Georgia averages 50 inches (127 cm) of rain a year. Arizona averages 13 (30 cm). Which is more likely to suffer water shortages? I’m fascinated by the non-trivial nature of the answer.
The problems of both lakes Lanier and Mead have been well chronicled. At Lanier in 2007, we were within three months of Atlanta running out of water. On Lake Mead, we’re – well, we’re all running around like our hair’s on fire, but we’ve got more than a three month supply sitting in our ginormous reservoirs. You can run the numbers and see some dire scenarios on the dry site of the range of probability, but our hair is substantially less flammable than Atlanta’s.
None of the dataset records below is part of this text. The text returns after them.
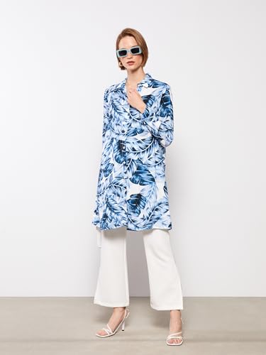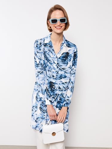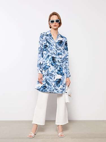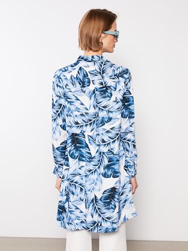 LC WAIKIKI - بلوزة طويلة بتصميم قميص منقوشة بأكمام طويلة للنساء من ال سي وايكيكي
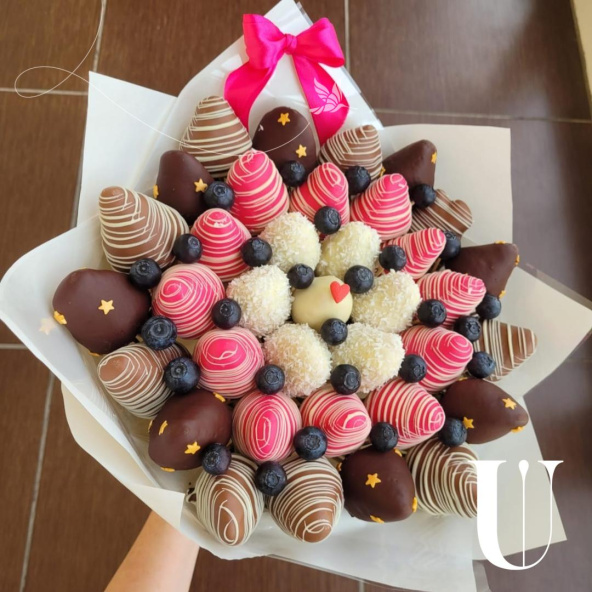 Букет из свежих ягод и клубники, бережно заключённых в три вида шоколада с нежными нотками свежей голубики. Идеальное сочетание вкусов для настоящих гурманов.
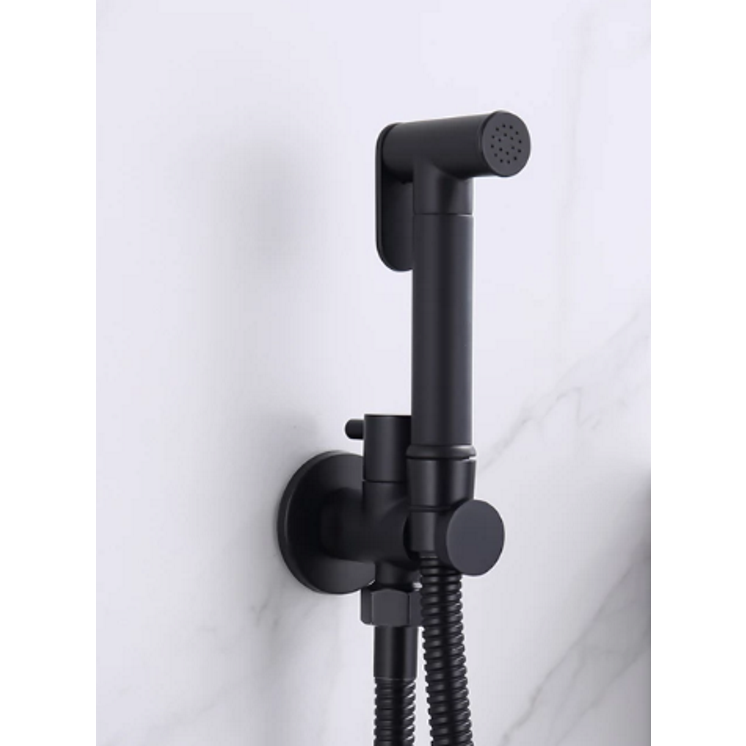 Bidet handdoucheset bestaat uit een handdouche, een doucheslang 120 cm en een stopkraan (alleen koud water). De elementen uit deze bidet handdoucheset zijn gemaakt van messing en in zwarte kleur uitgevoert.

To refresh the important details, Atlanta’s hair-on-fire moment came after what was very much a garden-variety drought, nothing at all out of the normal envelope of climate variability. We’ve made it through a drought far more significant here in the Colorado River Basin in terms of depth and duration, much farther out of the normal range of variability (11 driest years on record, etc.), and yet all the Colorado’s users have gotten their full allocation every year during the drought.
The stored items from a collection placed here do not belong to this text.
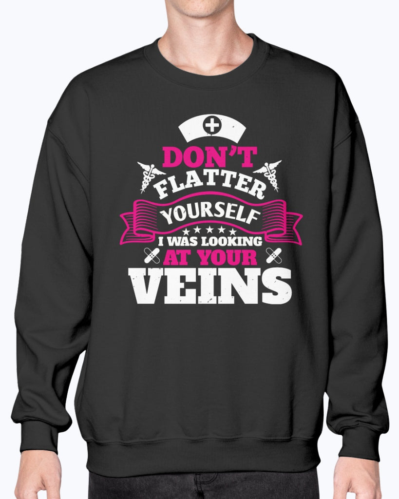 Don't flatter yourself, I was looking at your veins - Nurse - Sweatshirt - Crew
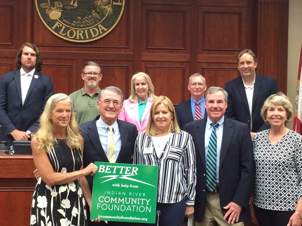 Top row left to right: Vero Beach Councilman Lange Sykes, Mayor Harry Howe, Councilwoman Laura Moss, Councilman Tony Young, and Councilman Val Zudans. Front row left to right: Foundation Accountant, Jaci Ruppert, and Immediate Past Chair, Scott Alexander. From the VBDP Board of Directors Jill Jones, Vice President, Clay Price, Treasurer and Penny Chandler Norris, Secretary.
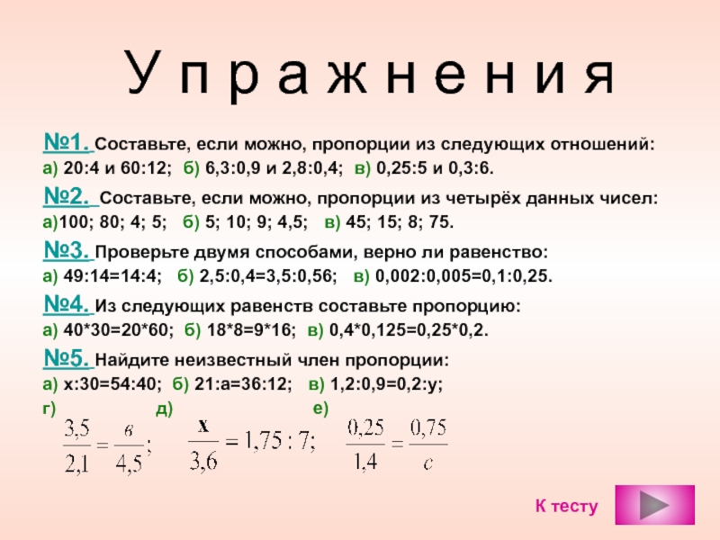 произведение крайних членов равно произведению средних членов пропорции, то пропорция верна.
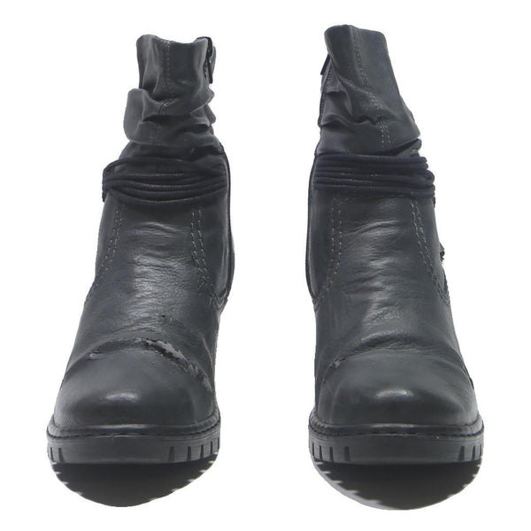 These RIEKER womens ankle boots feature a black synthetic upper with a lightly textured finish. Decorative stitching accents the side panels and a multiple wrap-around cord with silver-toned ends adds style around the slouched ankle.
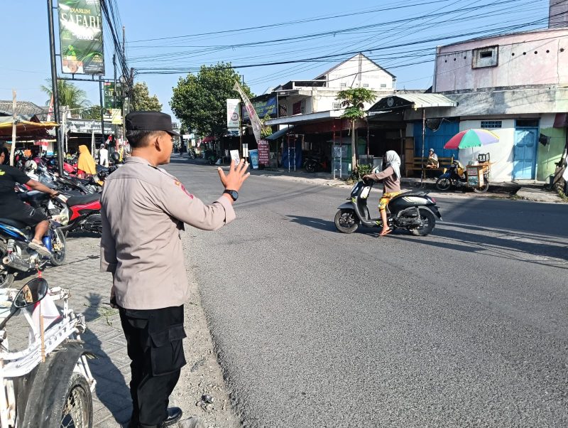 Anggota jaga polsek Kedungpring melaksanakan kegiatan commander wish, pengaturan lalu lintas antisipasi laka lantas di pertigaan pasar Desa Kedungpring.

There are two reasons for this. One is a system that was engineered with very large storage as a buffer against multi-year droughts. The second is an interlocking network of institutional arrangements for the distribution of that water that have been used to sort out arguments over how to administer things as the big reservoirs dropped.
The southeastern United States lacks both. Which is a very circuitous introduction to an interesting news release out of the University of South Carolina this week:
Water scarcity in the western United States has long been an issue of concern. Now, researchers studying freshwater sustainability in the U.S. have found the Southeast, with the exception of Florida, does not have enough water capacity to meet its future needs either.
“For more than a century, the Southwest has been the focus of long-running legal disputes over water resources, but the Southeast is now becoming a more contentious region for water use,” said Dr. Will Graf, a geographer in the University of South Carolina’s College of Arts and Sciences.
Graf was part of the team that did the recent “Cadillac Desert” empirical reconstruction in PNAS. While the southwest, Divas of the Arid, got all the attention, Graf and colleagues point out implications for the southeast as well:
“It turns out that the Southeast has a relatively small margin of water surplus for the future,” said Graf.
And we’ve got the institutional and engineering framework in place to try to work out our problems. The southeast is still down near the bottom of that learning curve.